▶ [Material to process]
___

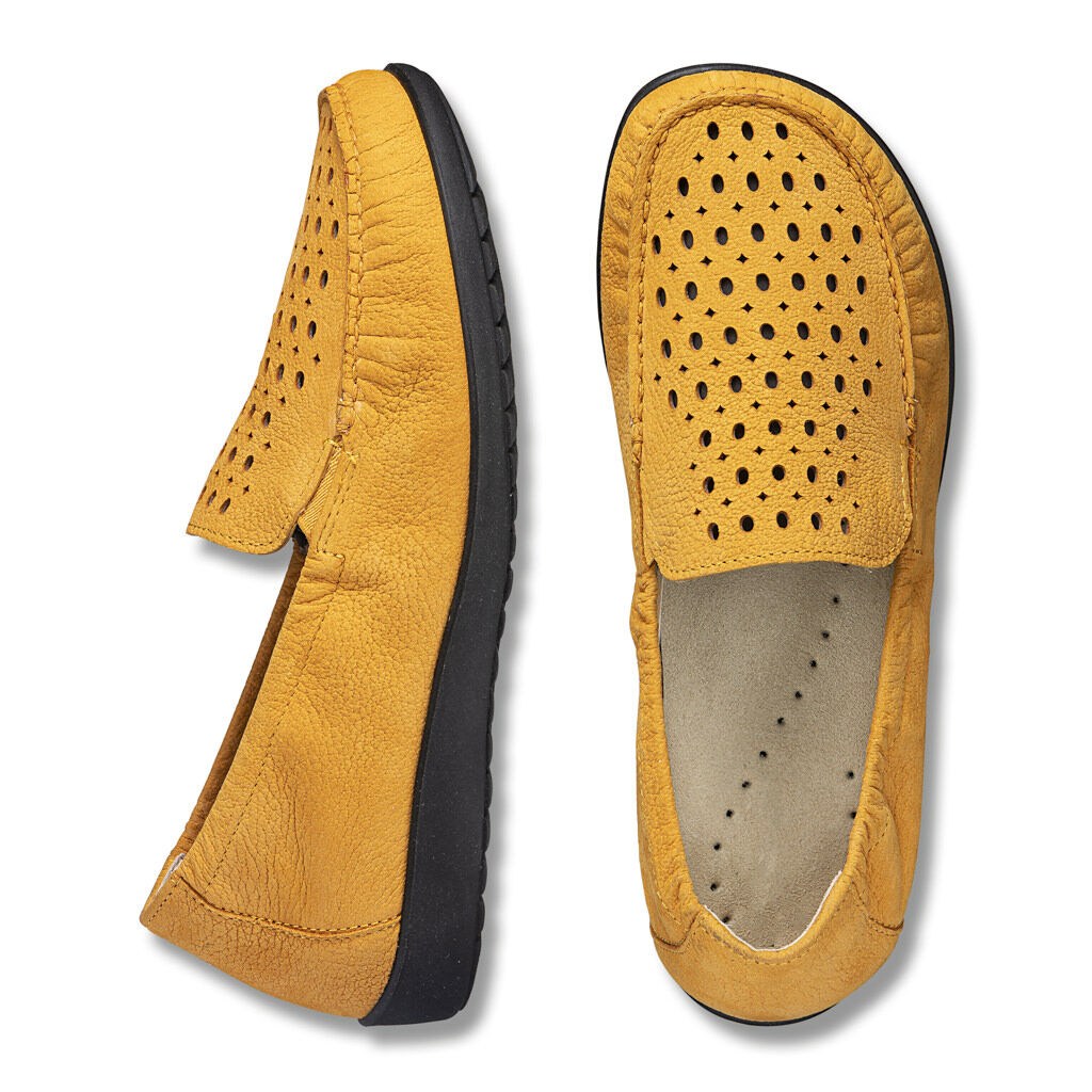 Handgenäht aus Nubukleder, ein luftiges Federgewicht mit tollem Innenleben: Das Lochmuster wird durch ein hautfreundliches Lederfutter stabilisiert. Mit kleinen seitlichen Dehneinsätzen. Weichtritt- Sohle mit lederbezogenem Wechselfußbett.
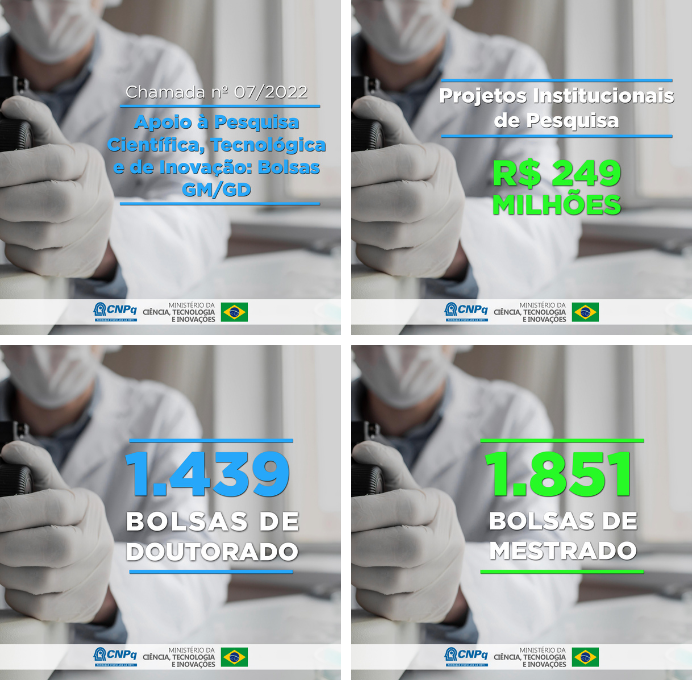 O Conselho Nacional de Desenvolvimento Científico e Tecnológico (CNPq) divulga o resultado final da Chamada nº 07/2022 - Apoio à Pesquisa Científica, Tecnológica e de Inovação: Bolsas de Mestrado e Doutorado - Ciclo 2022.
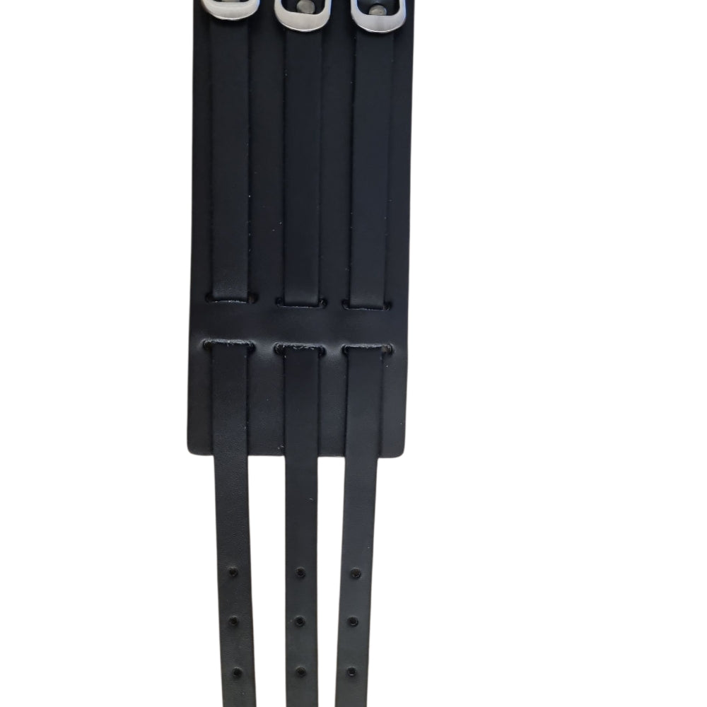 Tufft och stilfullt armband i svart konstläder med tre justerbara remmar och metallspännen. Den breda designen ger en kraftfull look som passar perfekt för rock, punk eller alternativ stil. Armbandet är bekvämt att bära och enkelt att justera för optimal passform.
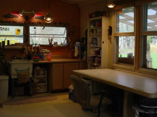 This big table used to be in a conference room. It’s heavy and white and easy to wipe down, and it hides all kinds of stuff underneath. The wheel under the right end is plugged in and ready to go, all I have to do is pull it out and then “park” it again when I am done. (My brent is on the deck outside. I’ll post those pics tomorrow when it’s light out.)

___

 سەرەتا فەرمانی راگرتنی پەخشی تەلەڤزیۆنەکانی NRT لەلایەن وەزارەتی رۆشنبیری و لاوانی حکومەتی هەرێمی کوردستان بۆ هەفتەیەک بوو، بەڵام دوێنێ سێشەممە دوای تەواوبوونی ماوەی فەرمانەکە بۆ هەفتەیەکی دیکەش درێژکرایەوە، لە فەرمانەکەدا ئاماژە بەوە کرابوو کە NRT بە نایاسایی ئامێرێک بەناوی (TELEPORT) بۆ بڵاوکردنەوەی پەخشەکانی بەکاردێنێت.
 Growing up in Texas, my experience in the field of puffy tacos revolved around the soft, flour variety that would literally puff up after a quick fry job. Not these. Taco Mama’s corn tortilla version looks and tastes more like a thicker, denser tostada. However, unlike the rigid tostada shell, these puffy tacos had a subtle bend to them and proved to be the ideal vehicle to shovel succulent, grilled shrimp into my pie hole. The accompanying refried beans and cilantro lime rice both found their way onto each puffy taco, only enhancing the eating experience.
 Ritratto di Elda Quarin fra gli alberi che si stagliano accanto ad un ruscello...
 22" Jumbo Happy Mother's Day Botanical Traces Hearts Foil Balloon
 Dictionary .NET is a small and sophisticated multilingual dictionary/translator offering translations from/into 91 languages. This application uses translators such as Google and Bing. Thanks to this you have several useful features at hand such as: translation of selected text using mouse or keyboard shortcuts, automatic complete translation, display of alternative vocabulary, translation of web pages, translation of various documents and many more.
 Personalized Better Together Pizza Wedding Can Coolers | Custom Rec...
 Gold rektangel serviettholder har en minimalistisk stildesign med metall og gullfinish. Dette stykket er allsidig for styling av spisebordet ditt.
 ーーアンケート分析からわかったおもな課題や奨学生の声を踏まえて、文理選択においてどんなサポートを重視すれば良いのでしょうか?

___

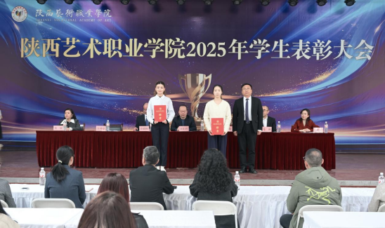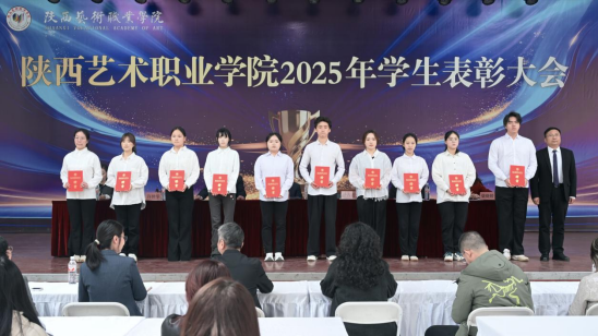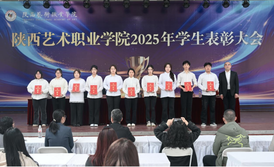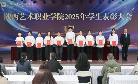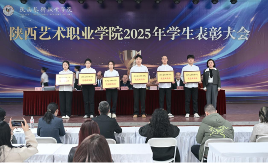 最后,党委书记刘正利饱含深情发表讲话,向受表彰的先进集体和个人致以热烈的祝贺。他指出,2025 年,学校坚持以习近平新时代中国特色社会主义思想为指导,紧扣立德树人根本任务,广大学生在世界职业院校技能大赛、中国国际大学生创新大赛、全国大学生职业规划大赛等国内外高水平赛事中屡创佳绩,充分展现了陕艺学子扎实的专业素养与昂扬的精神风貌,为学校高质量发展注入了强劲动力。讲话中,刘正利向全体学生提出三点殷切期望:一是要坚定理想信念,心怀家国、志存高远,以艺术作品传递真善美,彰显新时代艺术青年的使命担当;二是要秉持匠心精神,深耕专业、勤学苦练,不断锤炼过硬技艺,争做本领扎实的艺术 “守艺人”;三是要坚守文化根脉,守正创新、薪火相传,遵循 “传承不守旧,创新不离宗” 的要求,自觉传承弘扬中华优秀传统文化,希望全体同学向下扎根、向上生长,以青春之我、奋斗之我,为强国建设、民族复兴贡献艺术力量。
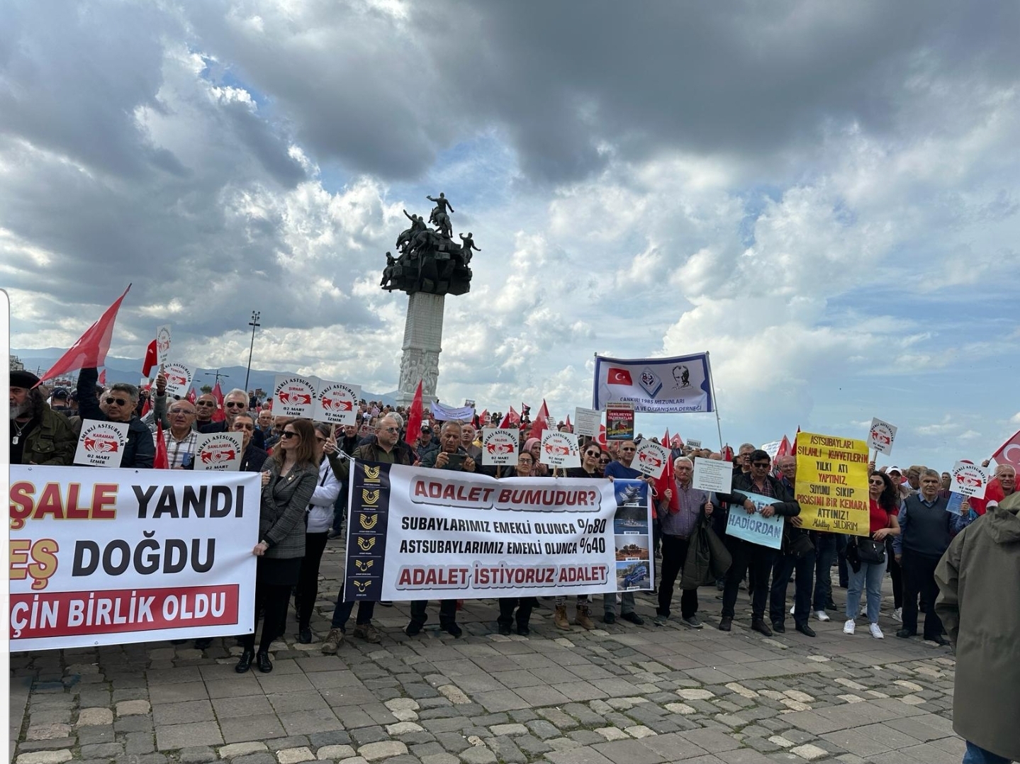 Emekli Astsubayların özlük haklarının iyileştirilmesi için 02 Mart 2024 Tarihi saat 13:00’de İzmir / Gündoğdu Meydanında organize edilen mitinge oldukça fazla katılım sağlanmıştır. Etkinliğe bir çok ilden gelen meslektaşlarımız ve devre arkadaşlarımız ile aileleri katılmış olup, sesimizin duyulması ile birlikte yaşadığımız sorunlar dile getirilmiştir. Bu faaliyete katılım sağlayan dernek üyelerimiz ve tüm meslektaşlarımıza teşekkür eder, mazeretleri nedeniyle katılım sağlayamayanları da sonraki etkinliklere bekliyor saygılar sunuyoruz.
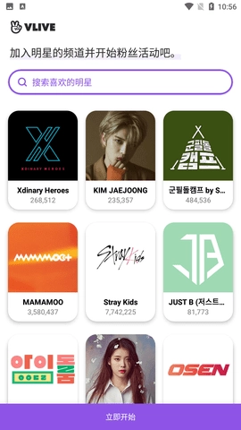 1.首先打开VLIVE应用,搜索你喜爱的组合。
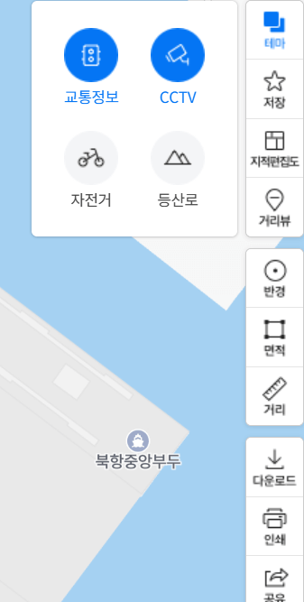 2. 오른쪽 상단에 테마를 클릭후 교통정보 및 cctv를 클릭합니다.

___

▶ [Exercise aim] Output exactly the stretch of the listing that begins at the line containing "Handgenäht aus Nubukleder, ein" and ends at the line containing "This big table", both kept. Omit pictures and everything else.

▶ [Response box]
 Handgenäht aus Nubukleder, ein luftiges Federgewicht mit tollem Innenleben: Das Lochmuster wird durch ein hautfreundliches Lederfutter stabilisiert. Mit kleinen seitlichen Dehneinsätzen. Weichtritt- Sohle mit lederbezogenem Wechselfußbett.
 O Conselho Nacional de Desenvolvimento Científico e Tecnológico (CNPq) divulga o resultado final da Chamada nº 07/2022 - Apoio à Pesquisa Científica, Tecnológica e de Inovação: Bolsas de Mestrado e Doutorado - Ciclo 2022.
 Tufft och stilfullt armband i svart konstläder med tre justerbara remmar och metallspännen. Den breda designen ger en kraftfull look som passar perfekt för rock, punk eller alternativ stil. Armbandet är bekvämt att bära och enkelt att justera för optimal passform.
 This big table used to be in a conference room. It’s heavy and white and easy to wipe down, and it hides all kinds of stuff underneath. The wheel under the right end is plugged in and ready to go, all I have to do is pull it out and then “park” it again when I am done. (My brent is on the deck outside. I’ll post those pics tomorrow when it’s light out.)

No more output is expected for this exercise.